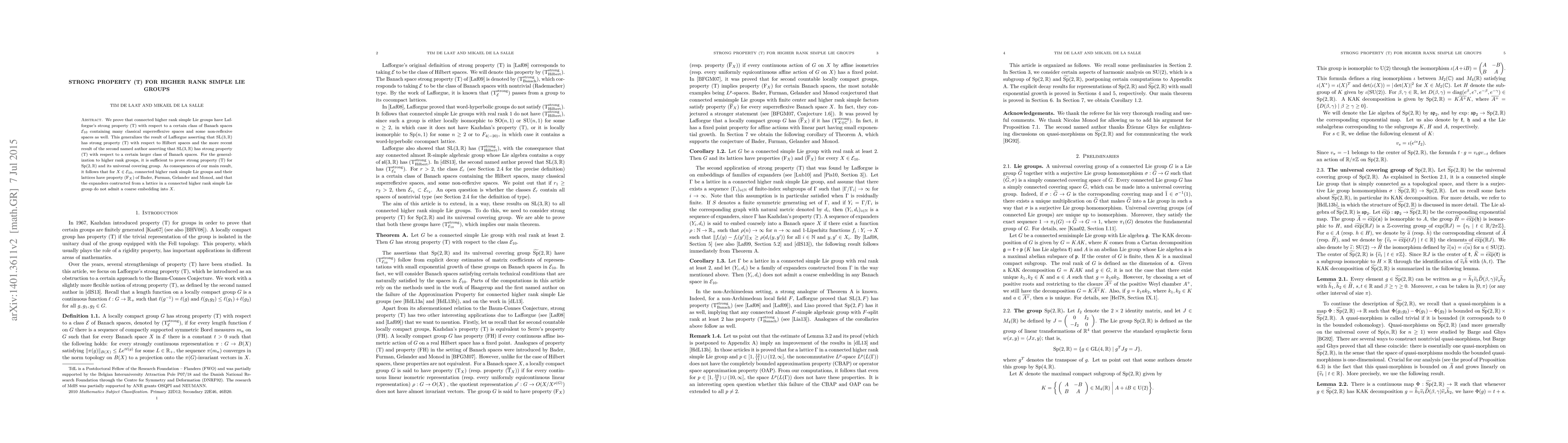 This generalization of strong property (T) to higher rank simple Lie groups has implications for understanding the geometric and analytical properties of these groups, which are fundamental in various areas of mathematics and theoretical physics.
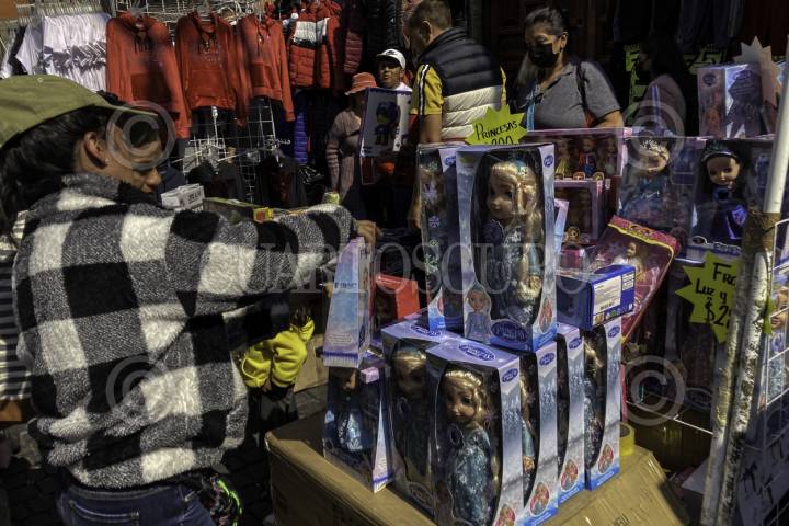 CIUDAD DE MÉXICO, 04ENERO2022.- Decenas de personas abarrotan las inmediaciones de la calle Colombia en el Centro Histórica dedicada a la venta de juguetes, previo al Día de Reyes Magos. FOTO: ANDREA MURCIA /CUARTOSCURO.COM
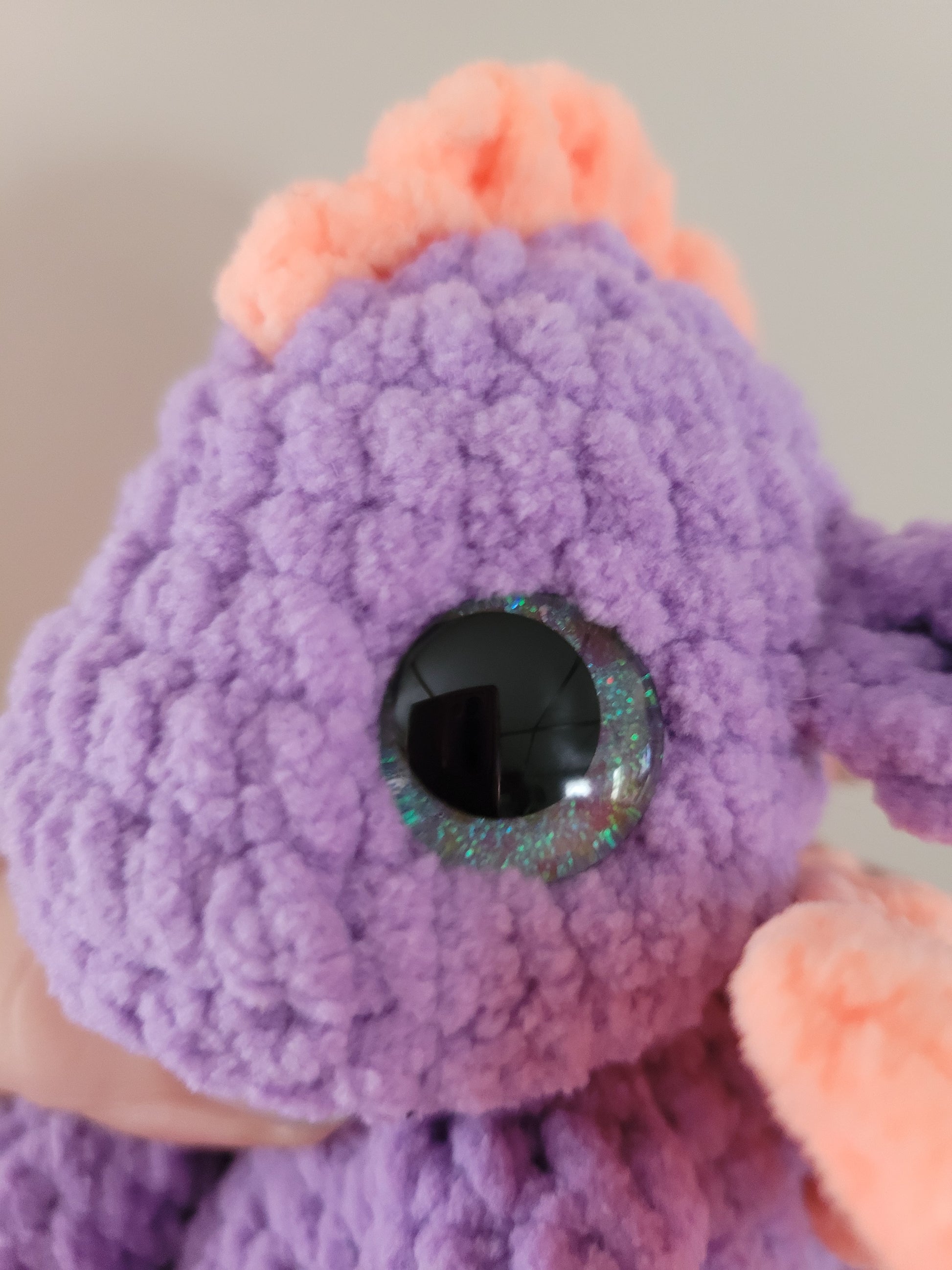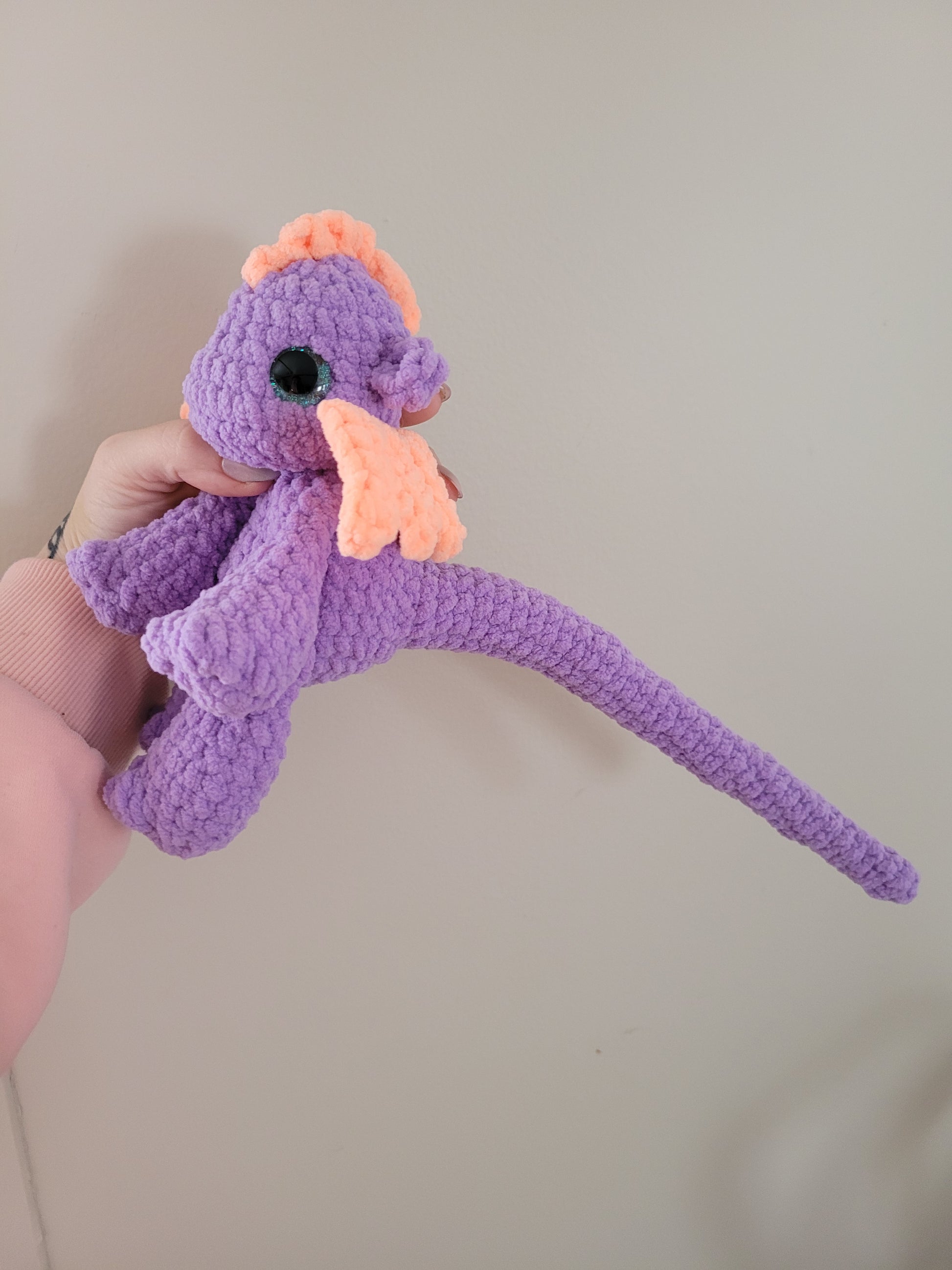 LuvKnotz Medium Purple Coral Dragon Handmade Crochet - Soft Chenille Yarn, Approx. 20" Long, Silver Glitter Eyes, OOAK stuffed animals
■ ■ ■ ■ ■
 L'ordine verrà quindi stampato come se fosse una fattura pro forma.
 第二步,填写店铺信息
■ ■ ■ ■ ■
THE PROBLEM: In the listing above, find the line containing "CIUDAD DE MÉXICO, 04ENERO2022.- Decenas" and the line containing "LuvKnotz Medium Purple", then write out both of them and every line between, exactly, with no pictures.

RESULT BELOW:
 CIUDAD DE MÉXICO, 04ENERO2022.- Decenas de personas abarrotan las inmediaciones de la calle Colombia en el Centro Histórica dedicada a la venta de juguetes, previo al Día de Reyes Magos. FOTO: ANDREA MURCIA /CUARTOSCURO.COM
 LuvKnotz Medium Purple Coral Dragon Handmade Crochet - Soft Chenille Yarn, Approx. 20" Long, Silver Glitter Eyes, OOAK stuffed animals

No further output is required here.